Every line from the line containing "校企合作促发展,共建共赢谱新" through the end of the data is to be reproduced exactly, excluding pictures.

Information supplied:
+++++
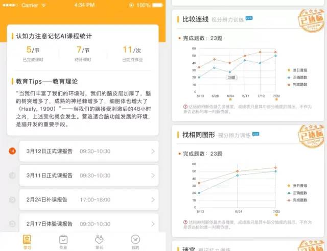 不仅有海量的,数以千万计的训练项目组合, 每一个孩子还能得到两个老师的同时监督指导。通过线上测评,能够匹配符合孩子学习能力的训练方案,每次训练的结果,能进行图表化呈现,在家陪娃一起训练,见证孩子一步一步的成长,也是作为父母,最有成就感的事情!
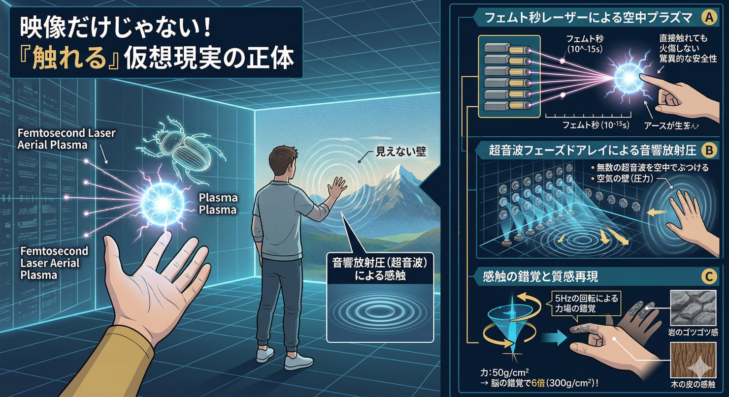 さらに興味深いデータがあります。そのままの超音波では「1平方センチあたり50グラム」程度の力しか出せませんが、この超音波の焦点を「1秒間に5回転(5Hz)」させることで、人間の脳はそれを6倍も強力な力として錯覚するのです。これにより、岩のゴツゴツ感や木の皮の感触まで、空中で完璧に再現可能になります。
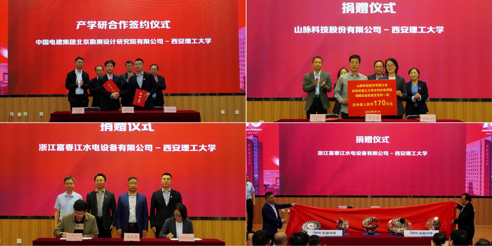 校企合作促发展,共建共赢谱新篇,本次会议上Beat365官网与多家友好企业推进了深层次的合作与共建。中国电建集团北京勘测设计研究院有限公司与Beat365官网签订了产学研合作协议,大禹节水集团股份有限公司、山脉科技股份有限公司和浙江富春江水电设备有限公司向学院捐赠了共计498.83万元的科研设备。西安理工大学水利水电建筑勘测设计有限公司总经理杨杰从公司历史沿革、组织架构、业务范围、资质与业绩、发展与愿景等方面进行合作推介。校企双方将持续在项目合作、人才培养、专业建设等方面实现互利共赢。
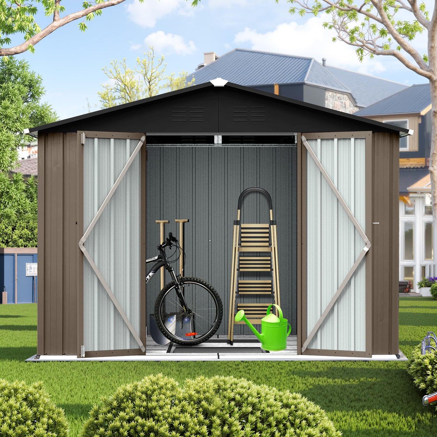 Lyngins 8x6 FT Outdoor Storage Shed, Metal Tool Shed with Lockable Doors, Peaked Roof & Frame Floor, Garden Shed with Vented Design for Backyard Garden Patio Lawn, Brown + Black
+++++
Solution to this problem:
 校企合作促发展,共建共赢谱新篇,本次会议上Beat365官网与多家友好企业推进了深层次的合作与共建。中国电建集团北京勘测设计研究院有限公司与Beat365官网签订了产学研合作协议,大禹节水集团股份有限公司、山脉科技股份有限公司和浙江富春江水电设备有限公司向学院捐赠了共计498.83万元的科研设备。西安理工大学水利水电建筑勘测设计有限公司总经理杨杰从公司历史沿革、组织架构、业务范围、资质与业绩、发展与愿景等方面进行合作推介。校企双方将持续在项目合作、人才培养、专业建设等方面实现互利共赢。
 Lyngins 8x6 FT Outdoor Storage Shed, Metal Tool Shed with Lockable Doors, Peaked Roof & Frame Floor, Garden Shed with Vented Design for Backyard Garden Patio Lawn, Brown + Black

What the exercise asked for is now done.